Shukshin Altai State University for Humanities and Pedagogy
- Established: 1939
- Location: Biysk, Altai Krai, Russia 52°32′13″N 85°11′45″E﻿ / ﻿52.5369°N 85.1958°E
- Campus: Urban;
- Website: www.bigpi.biysk.ru/wwwsite/

= Shukshin Altai State University for Humanities and Pedagogy =

Former pedagogical university in Biysk, Russia

Shukshin Altai State University for Humanities and Pedagogy (Алтайский государственный гуманитарно-педагогический университет имени В. М. Шукшина) was a federal state budget educational institution of higher education in Biysk, Altai Krai (Russia), transformed into V.M. Shukshin Biysk Branch of Altai State Pedagogical University in 2024.

==History==
Biysk Teachers' Institute was established in 1939 and became a pedagogical (teachers' training) institute in 1953. In 2000 this institution of higher education received a university status. In 2001 Biysk Pedagogical State University was named after V. M. Shukshin. In 2010 the Shukshin Pedagogical State University of Biysk (Бийский педагогический государственный университет имени В. М. Шукшина) became the Shukshin Altai State Academy of Education (Алтайская государственная академия образования имени В. М. Шукшина), and got its current name when it regained the university status in 2015.

Shukshin Altai State University for Humanities and Pedagogy offered bachelor’s degree teachers-training programs in English, German, Chinese, Russian Language and Literature, Primary & Preschool Education, Physical Culture & Health, Mathematics, Physics, Computer Science, Biology, Chemistry, Geography, and Technology.

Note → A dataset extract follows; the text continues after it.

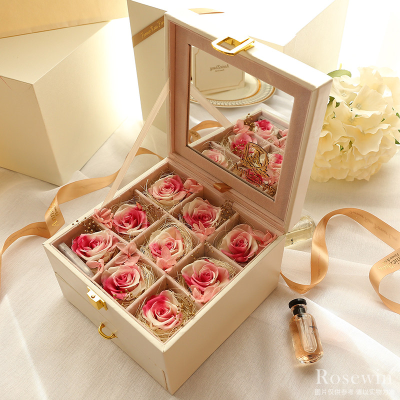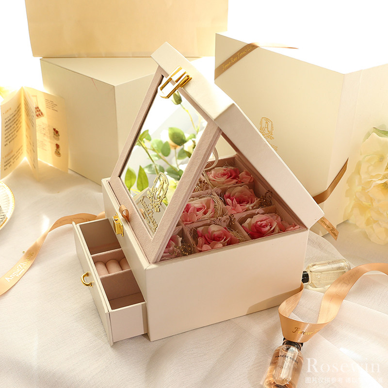單位重量0.71 kg 產(chǎn)品體積 19.0 cm * 19.0 cm * 14.0 cm甄選厄瓜多爾永生玫瑰花頭,36道工藝,手工制作,花材飽滿,色澤圓潤,內(nèi)設抽屜,存放首飾,翻蓋后設梳妝鏡,方便實用,永生花裝飾,可做家居擺件。
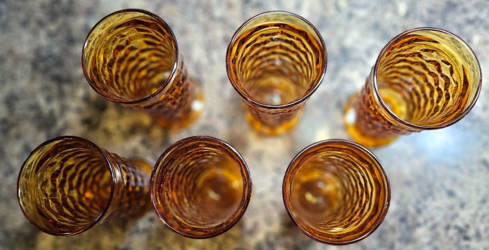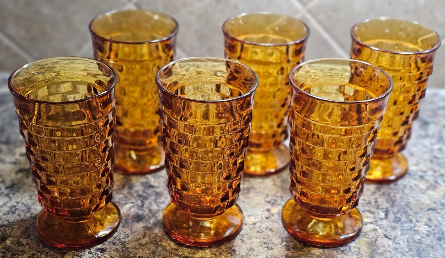- VTG Indiana Whitehall Colony Cubist Amber Glass Footed Iced Tea Tumbler Set of 6

Bachelor’s degree programs in Psychology, Tourism, Fine Arts & Design, Land Management, Biology & Ecology were also available.

In 2022 Pedagogical Techno-park (Educational Technopark) was opened at the university with labs for conducting pedagogical experiments.

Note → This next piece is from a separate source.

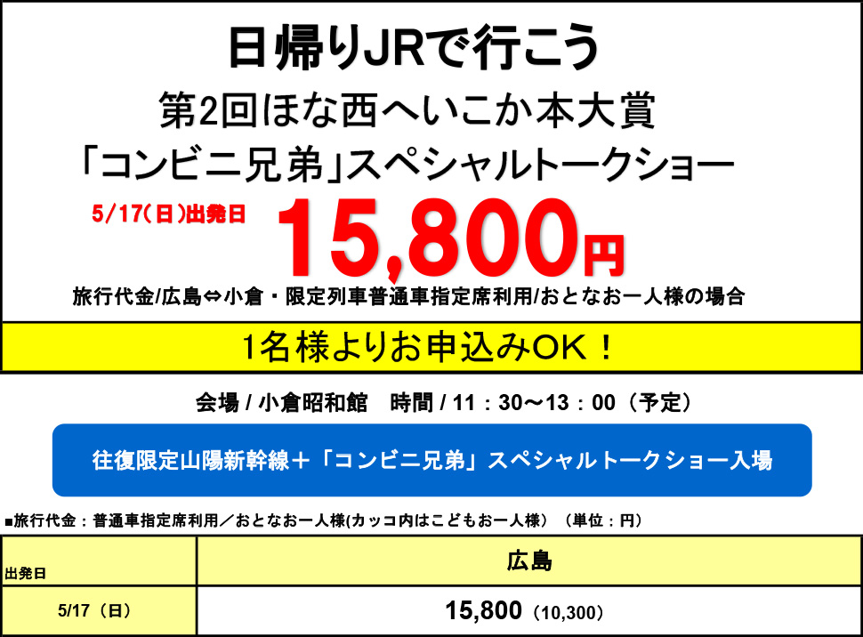※「第2回ほな西へいこか本大賞『コンビニ兄弟』スペシャルトークショー」は、株式会社JR西日本コミュニケーションズが企画・実施するイベントとなります。
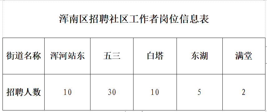 根据《沈阳市民政局沈阳市财政局关于做好2023年社区工作者招录工作的通知》精神,结合浑南区实际工作需求,经区政府决定,现面向社会公开招聘浑南区社区工作者57人。具体要求如下:

In 2024 the university was transformed into V.M. Shukshin Biysk Branch of Altai State Pedagogical University.

==Institutes==
- Institute of Humanities
- Institute of Natural Sciences and Vocational Education
- Institute of Pedagogy and Psychology

==Campus==
Shukshin Altai State University for Humanities and Pedagogy occupied four buildings in the city of Biysk.

==Research==
At ASUHP named after V. Shukshin, a number of researchers are working on actual topics in
Personality, Educational Psychology, Social Psychology and Motivation;
Psycholinguistics and Second Language Studies,
Cultural Studies;
Electrical Engineering and Power Electronics;
Ornithological research in Altai;
Studies of the regional insect fauna;
Petrology of gold-generating magmatism;
Condensed Matter Physics.
All research results of the university scholars are introduced into the system of school education.
Despite the fact that the university has only 100 scholars, according to Ranking Web of Universities (Webometrics) Shukshin University ranks 294 out of 1042 universities in Russia (that is, it is included in the second quartile of the best universities in Russia).